The job was not that difficult; we knew we were only there for the summer so the problem with the work--that it was dull--would not be something we had to worry about. And we have great stories from some of the characters we met on the parcel post belt and thereabouts.  To be sure, the people I have met in so called white collar jobs are just as idiosyncratic as those in the blue collar post office. The difference is only the flavor of quirkiness.  I have met some strange ducks with very highfalutin college degrees, so my comments about the post office are not to be considered as condescending remarks from a college professor.
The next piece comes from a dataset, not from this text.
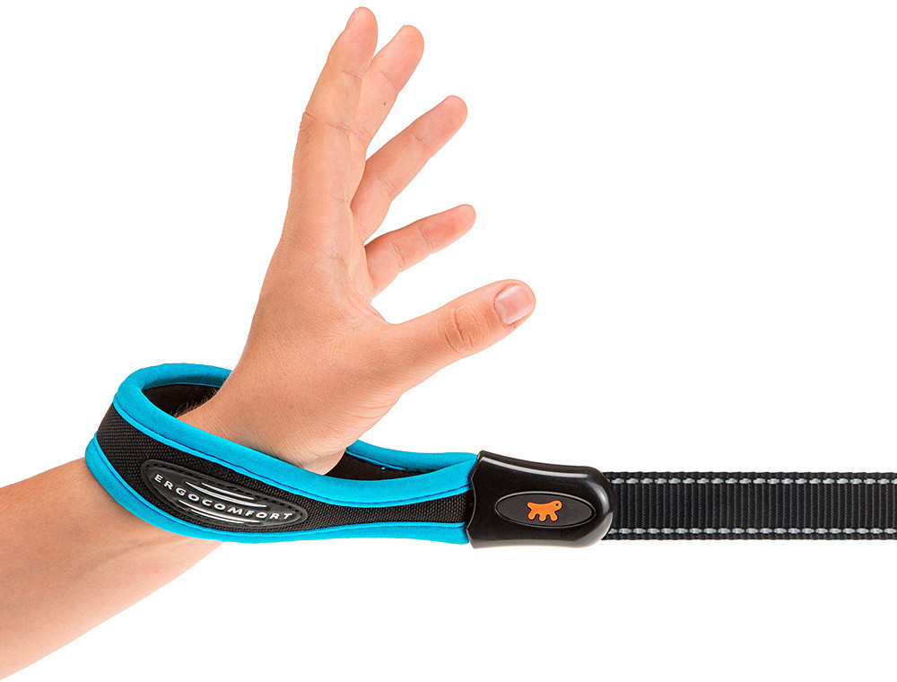 Поводки Ergocomfort Fluo выпускаются в различных модных флуоресцентных цветах и в широком диапазоне размеров, которые можно подобрать к собакам всех размеров.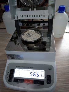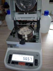 - 測試樹(shù)脂顆粒:倒出4克左右樹(shù)脂料顆粒倒在不銹鋼托盤(pán)中,為了使測試過(guò)程中樹(shù)脂水分儀將樹(shù)脂料烘干烘透,我們將樹(shù)脂顆粒攤成分散狀,以便溫度能滲透進(jìn)樹(shù)脂內部。用鑷子將樹(shù)脂顆粒平鋪均勻,為避免樹(shù)脂顆粒烘烤后變焦變黑,我們將溫度設置在105℃,按“START”鍵開(kāi)始測試,15分07秒后檢測結束,檢測數據顯示56.57%;

Our job on the parcel post belt amounted to waiting for parcels to travel toward us which we would then trow (as in throw) into bins.  A manager at one end of the belt would tell the workers there to "keep dumping" the parcels onto the belt, while my manager on the belt, would exhort us to "clear the belt" encouraging sometimes a frenzied tossing of the parcels just to clear the belt as more and more packages came our way.  Getting the parcels into the right bin became secondary to getting rid of the parcels. If the belt were to be clogged with parcels-- meaning we had not cleared them quickly enough--the fellows dumping the parcels and their manager would consider this a victory of some sort having dumped parcels more quickly than we could trow them.  The result was this folly of rapid dumping and haphazard trowing, an explanation perhaps for some slow delivery if you lived in Nassau or Suffolk county in the summer of 1969.

The post office we were in was really outdated.  It looked and was like an old factory. Cement floor, dust all over the joint, lunchrooms right out of 1950 industrial films.  And so, a new facility was being built for the modern '70s. On occasion we would be taken to the new facility to get it ready for its opening. We veterans of the old parcel post method were wide eyed when we saw the newfangled way parcels would be sorted.  Something like watching Mr. Wizard or the GE exhibit at the 1964 worlds fair.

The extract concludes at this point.